Tony blinked.  “But I didn’t even get you a Christmas present.”

“I think I can find a way to forgive you,” Steve said, his eyes crinkling at the edges.

And Tony wanted to say a million more things, but instead he grabbed Steve by the back of the neck, yanked him down, and kissed him.  Tony just held on, thinking about Central Park in June and baseball on the 4th of July and Steve’s fingertips against his, and when Steve pulled away, he was smiling again, and Tony felt the breath whoosh out of him.

“You have no idea how long I’ve wanted to do that for,” Steve murmured, resting his forehead against Tony’s.

“I think I kind of do,” Tony said.

“What was that you were saying about metaphysics?” Steve said.

“I’ll explain later,” Tony said, pulling him in again.


When Tony woke up, it was still dark.

“Ugh,” he groaned, rolling over and throwing an arm around Steve’s waist.

“Hmm?” Steve murmured.

“Nothing,” Tony said, pressing a kiss to his shoulder.

The Tony Stark Christmas Eve Party was a longstanding tradition, but the Tony Stark New Years Eve Party was brand new, born from a text Steve sent only an hour before he and the rest of the team showed up at the Tower with champagne and paper hats and stupid glasses that spelled out 2017 even though that definitely should have stopped being a thing after 2009.  It had started with that same smile on Steve’s face and ended at midnight, Steve’s cheeks pink from kissing Tony in front of all their friends, and Tony had dragged Steve into his bedroom for the very first time and that, well, that was something Tony would have spent a decade lost in space-time for.  

Tony laid still for a moment, listening to Steve’s breathing even out.

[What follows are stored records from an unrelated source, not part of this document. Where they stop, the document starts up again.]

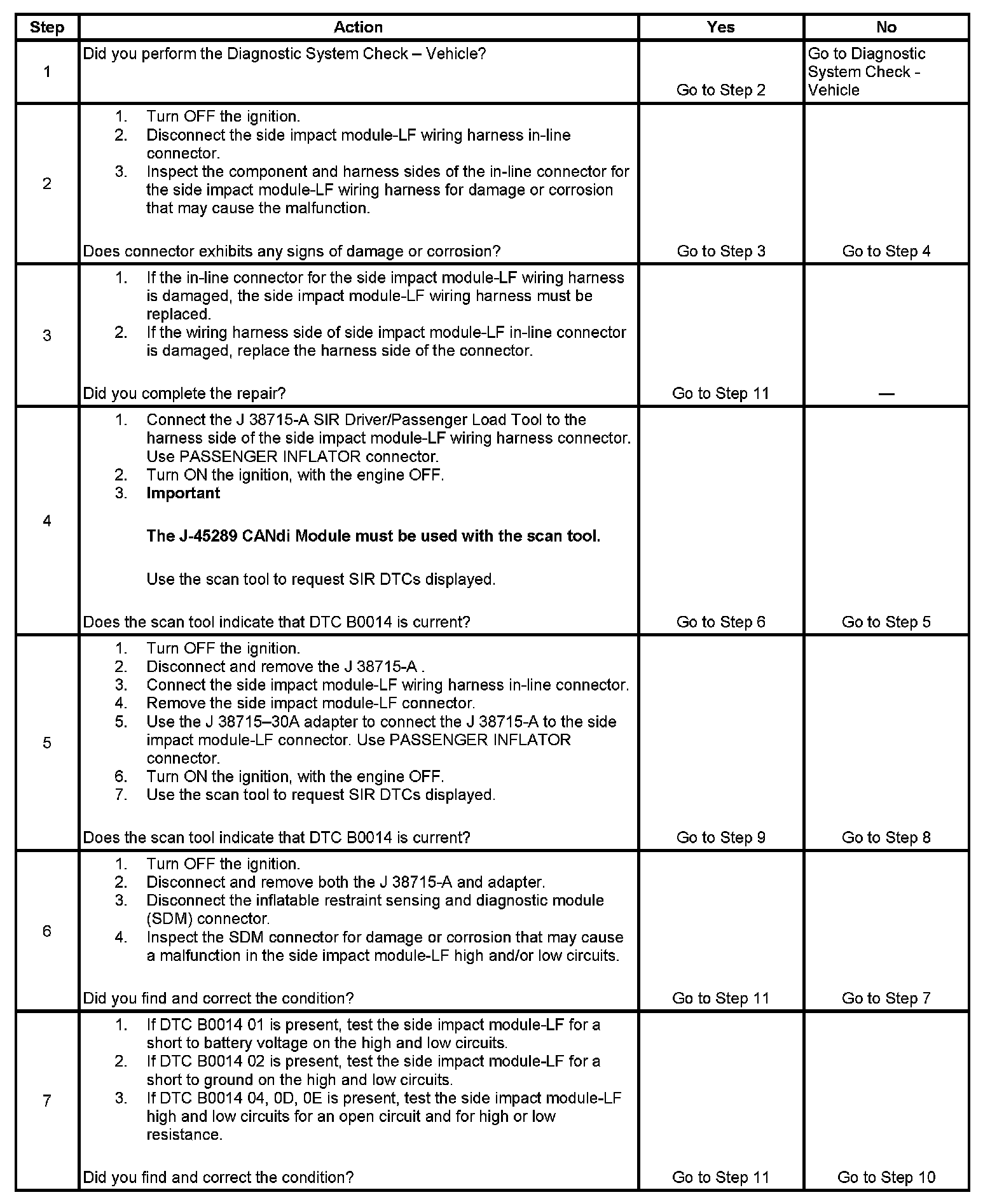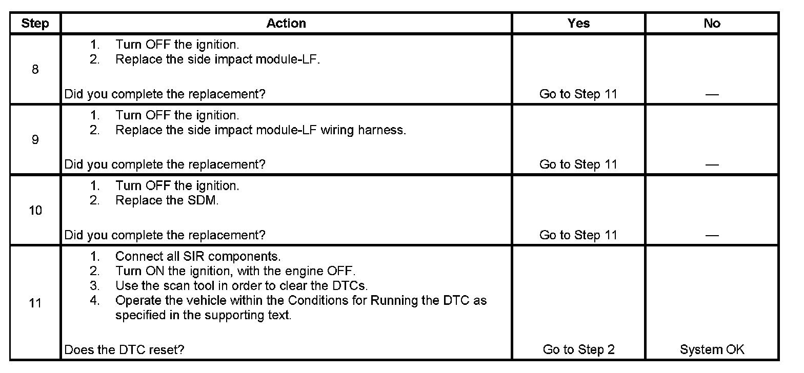 7. Tests to see what DTCs are present. If DTC B0014 01 is present, test the side impact module-LF for a short to battery voltage on the high and low circuits. If DTC B0014 02 is present, test the side impact module-LF for a short to ground on the high and low circuits. If DTC B0014 04, 0D, 0E is present, test the side impact module-LF test the high and low circuits for an open circuit and for high or low resistance.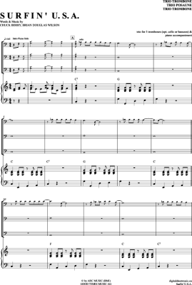 Surfin USA - Sheet Music for Trombone Trio + Piano Beach Boys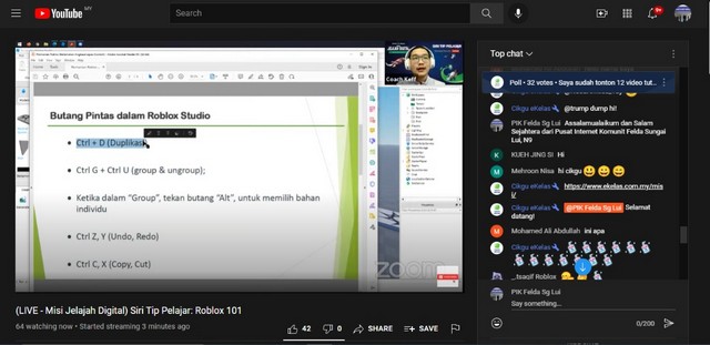 10 Oktober 2021 | Aktiviti Terkini09 Oktober 2021 - Pusat Ekonomi Digital Komuniti Felda Sungai Lui telah mengikuti kelas secara langsung LIVE Misi Jelajah Digital Sejam bersama Pakar STEM: Coding menggunakan Roblox Studio yang dipengerusikan oleh Cikgu Rodzmier.
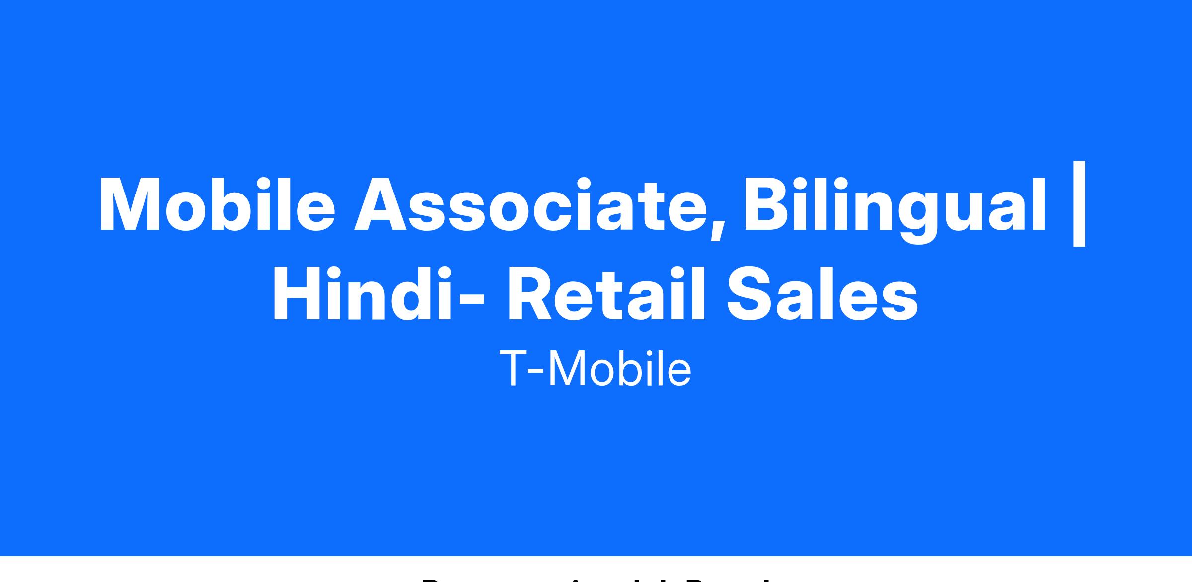 Mobile Associate, Bilingual | Hindi- Retail Sales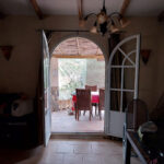 The fully fitted kitchen connects conveniently to the outdoor areas, which include terraces and a traditional patio that allow you to enjoy the surrounding countryside and the peaceful atmosphere of the property.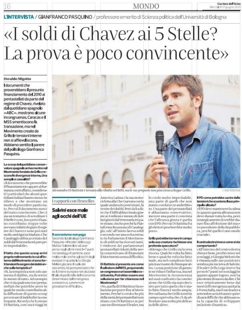 Il documento che proverebbe il finanziamento appare abbastanza contraffatto, considerati i particolari che alcuni quotidiani italiani hanno messo in rilievo e che mostrano un modo di procedere pasticciato. Per cui il documento non è del tutto convincente. Che ci sia un tentativo di screditarei 5 stelle è noto, loro però vi hanno contribuito: troppe volte avevano infatto elogiato i regime di Chavez e sono poi stati moto ambigui su Maduro. Che Casaleggio abbia accettato dei soldi dal Venezuela…

When thirst overcame the squirmy feeling Tony got when he looked at Steve’s chest rising up and down in the moonlight, Tony carefully crawled out of bed and padded barefoot to the bathroom, sipped water from his cupped hands and tried to ignore how stupid happy he looked in the mirror.

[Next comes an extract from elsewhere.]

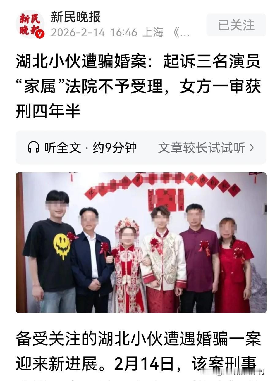 湖北随州,26岁男子网上偶遇富家女,花14.8万的彩礼和女方结婚,女方陪嫁了46万的存单、100克金条、一辆奔驰车。男方在一个偶然的机会,发现女方的不但陪嫁全部是假的,就连女方的父母、亲属、也全部是请演员扮演的。男方愤怒报警,经查明,这是一场彻头彻尾的骗婚。最终,法院这样判了! 2024年5月,随州农村,26岁的申明家张灯结彩,办了场热热闹闹的婚礼。 新娘子尹霞31岁,比申明大几岁,申明家不嫌弃,实打实给了14.8万彩礼。 女方那边也大气,陪嫁一张46万的存款单、一根100克金条、一辆奔驰车。 农村人娶媳妇,这排面可够大的,一时轰动了附近村庄。 不料,婚后没几天,新娘发脾气闹着要回青岛娘家。 申明同意她回去,但彩礼得留下。 这时候“丈母娘”打来电话圆场:让霞霞带彩礼回去,车子、存单、金条全留下,这下你总该放心了吧。 申明寻思着岳母都发话了,也就同意了。 可新娘子人这一走,就再也没回来。 申明开始觉得不对劲了,他去查了车牌,发现奔驰汽车是租车行的。 他心里一惊,回忆和女方从认识到结婚的种种疑点,感到大事不好。 申明拿着存单跑去银行,柜员一看就是假的。 在看陪嫁金条,更别提了真假了,原来就是个塑料芯子刷的金漆。 申明气炸,直接去了青岛,他去查尹霞户口,结果可想而知,查无此人。 两年多的恋爱、一场婚礼、十几万彩礼,原来是一场空。 连婚礼上的岳父岳母、大舅哥,都是花钱请的演员。 这事得从2022年5月说起。 申明在短视频平台上,认识了尹霞,不久他们在青岛见面,并发生了关系。 3个月后,尹霞说自己怀孕了,发了张B超单过来,申明以为自己不久后就可以当爹了。 几天后申明带尹霞回随州见了自己的父母。 父母看姑娘长得周正,说话得体,也不在乎女方比儿子大了好几岁。 临走,父母给了尹霞10001元的见面礼。 之后,申明陆陆续续给尹霞花钱,他认为,谈恋爱给女友花钱正常。 2023年1月,尹霞突然说孩子流产了,给男友发了医院材料证明,申明信了。 之后尹霞把男友哄骗到青岛同居。 在女友的出租屋,申明发现了一张身份证,名字不是尹霞,年龄也对不上。 原来尹霞实际是1989年出生的,却一直跟他说,自己是1994年的。 申明觉得,自己可能被骗婚了,他立马报了警。 经派出所调解,尹霞写了一份还款协议, 还3万元。 2023年5月,尹霞安排了假父亲来武汉,跟申明父母碰面。 亲家解释了女儿为啥有两个名字,说是历史遗留问题,把俩老人糊弄过去了。 两人的恋爱又继续谈着。 后来尹霞又说自己怀孕了,但再次流产,俩人开始谈婚论嫁。 申明花20000元给女友买了钻戒,并求婚成功。 中间两人吵过架分过手,又和好,一直分分离离的。 2024年1月,尹霞又寄来张B超单,说自己又怀了。 还找了个情感博主,冒充假扮自己哥哥,出面调解俩人的感情,催着结婚。 2024年5月,俩人“奉子成婚”。 婚礼在随州办完,按计划得去青岛女方家再办一场。 临出发,尹霞要把14.8万彩礼现金带走。 申明父母有点犯嘀咕,这时候“大舅哥”电话打过来了,说自己家陪嫁那么多,还在乎这点彩礼吗? 话说到这份上,申明父母只好把14.8万给了。 一到青岛,尹霞把申明安排进一栋别墅,说这是她家的。 但就是见不着岳父岳母,尹霞说家里有矛盾,不方便。 几天后,尹霞交给男友一张46万存单、一根金条、一把奔驰车钥匙,说父母给的陪嫁。 可他一提正式领证,尹霞说,自己以前开整容医院犯过事,暂时没法领。 后来申明才知道,那106400元,被尹霞存进了自己卡里,剩余的积分被他她花了。 而陪嫁的存单和金条是网上买的假货,车是租的。 连那两万“改口费”,都是拿他的彩礼钱发的。 2024年5月下旬,两人回到随州,可没几天,尹霞闹着要走。 不久,申明发现,女友为了骗婚连父母、亲属都是花钱请的演员。 他忍无可忍的报警了。 经查,尹霞2015年就在山东莱州结了婚。 夫妻俩人还有个女儿,虽然分居多年,但一直没离婚。 也就是说,她跟申明办婚礼那会儿,法律上还是有夫之妇。 2024年10月,尹霞在青岛被抓获。 申明认为,尹霞的假爹妈、假哥哥都是骗局中的一员,不能就这么算了。 2025年11月,申明对3人提起了附带民事诉讼。 但法院没受理,申明不服,提起上诉。 2026年2月14日,情人节这天,申明拿到裁定书:民事诉讼,不予受理。 《刑法》第266条:诈骗公私财物,数额较大的,处3年以下有期徒刑、拘役或者管制,并处或者单处罚金; 数额巨大或者有其他严重情节的,处3年以上10年以下有期徒刑,并处罚金。 最终,法院判决:判处尹霞有期徒刑4年6个月,罚金2万,追缴89140元退给申明。 关注@赵哥的法律观,评论区留言发表你的看法。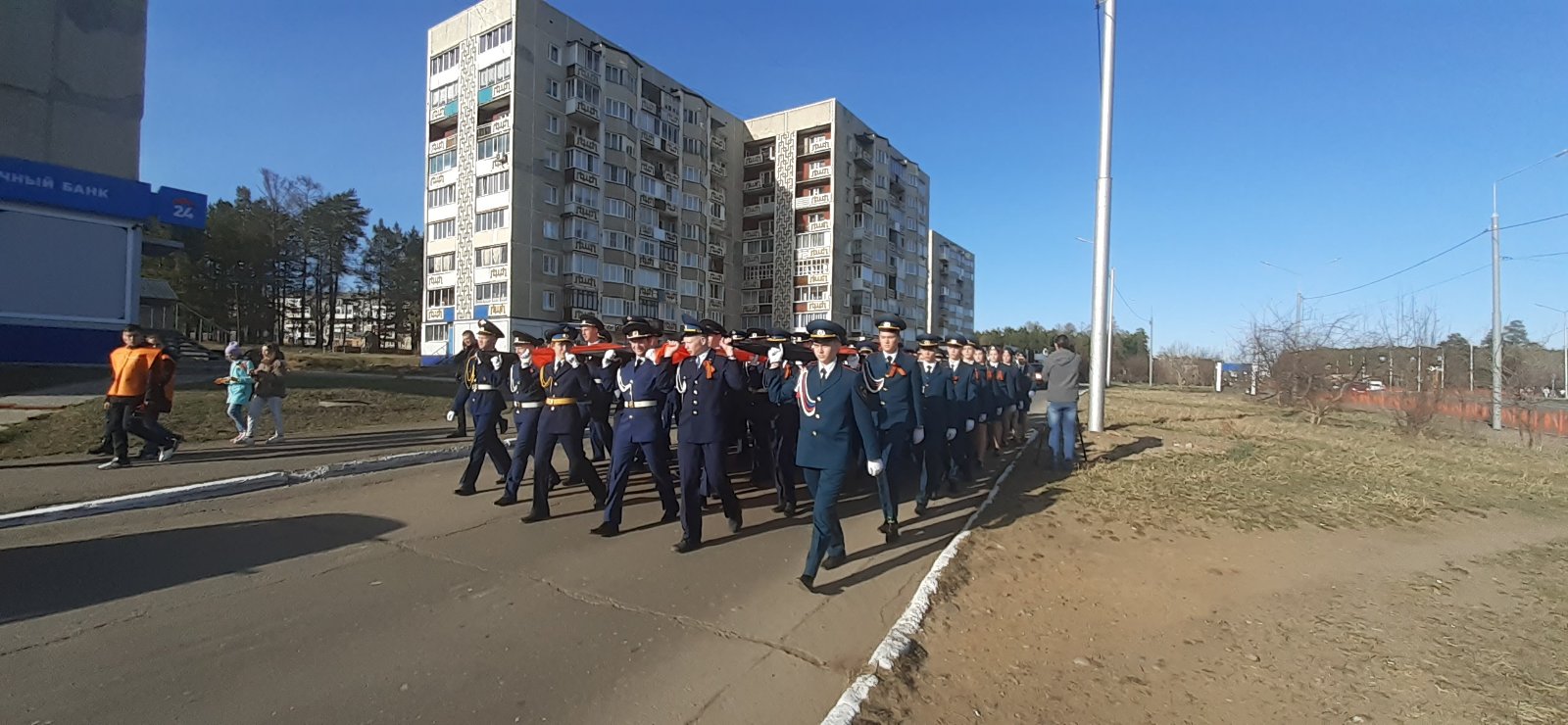 Сегодня по городу прошел марш георгиевской ленты – старшеклассники в парадной военной форме разных родов войск в торжественном марше под звуки военных мелодий пронесли символ Победного Мая – георгиевскую ленту. Прохожие останавливались, наблюдая шествие, приветствовали колону. Волонтеры школ и городского отряда "Мы вместе" раздавали ленточки саянцам.

He gently pushed the door to the bedroom open and realized, all at once, that he and Steve weren’t alone.

“So,” Tony said after a moment.  “This just got very… Scroogey.”

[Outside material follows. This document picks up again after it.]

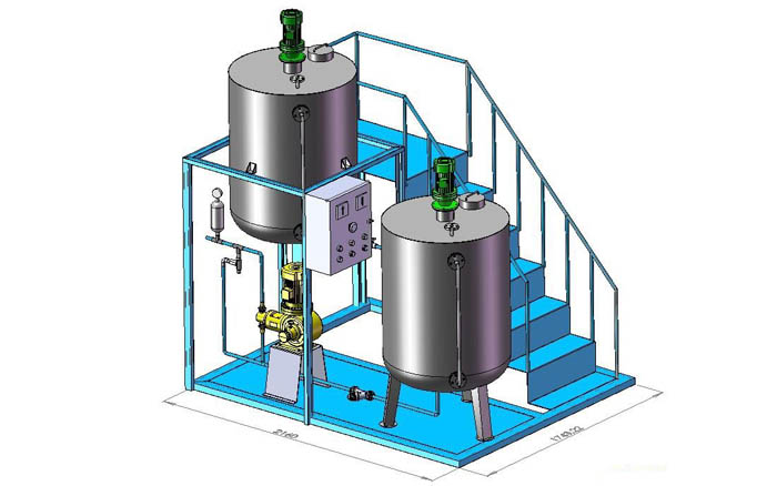 本裝置主要包括藥液計量泵系統、溶配系統、計量投加系統、安全系統和控制系統等五部分。

A much older Tony Stark looked up at him.  “Yeah, bad news, you do go grey.”

“Could be worse,” Tony said.  “Is Clint bald?”

“Clint is as bald as the day he was born,” the other Tony said.  “It’s glorious.”  

The other version of him was 70, maybe older, depending on how much Botox he got, and seemed calm, or maybe tired, in a way Tony never was.

“So, the Speed Machine,” Tony asked.  “Or whatever you renamed it, please tell me you renamed it.  You figured out how to control its effects?”  

“Eventually,” the other Tony said, looking back down at Steve, who slept on, completely unaware of the Christmas Carol moment going on over his head.

“You should destroy it,” Tony said, because that much was obvious.

“I will,” his older self said.  “Just making some visits first.”

“Can’t stop playing God, huh?”

“Hate to break it to you, but that’s something you never grow out of.  God, he looks young.”  The other Tony’s hand lifted, like he wanted to reach out and touch Steve, run a hand through his hair, but he stopped himself, clasped his hands behind his back.

“So,” Tony said, trying to sound casual, “do we - does this - work?”

His older self looked up at him, a smile flashing across his face.  “Do you really want to know?”

“No,” Tony said.

“Didn’t think so,” the other Tony said.  “Well, I should get going.  I’m off to visit Jarvis next.”

“Butler or AI?” Tony asked.

“Both,” Tony said.  He glanced at his watch and pressed a button, and before Tony’s eyes, he started to fade away.

“What, no parting advice to your younger self?” Tony said, taking a step forward.

“Like you’d listen,” the other Tony said, as he dissolved into nothing.

“You say something?” Steve said, rolling over and blinking up at him.  

“Just talking to myself,” Tony said, climbing back into bed.

“Mmm,” Steve said into his pillow.  “Come back to bed.”

“You know,” Tony said, pressing himself up against the line of Steve’s back, warm and solid under the covers.  “I think I will.”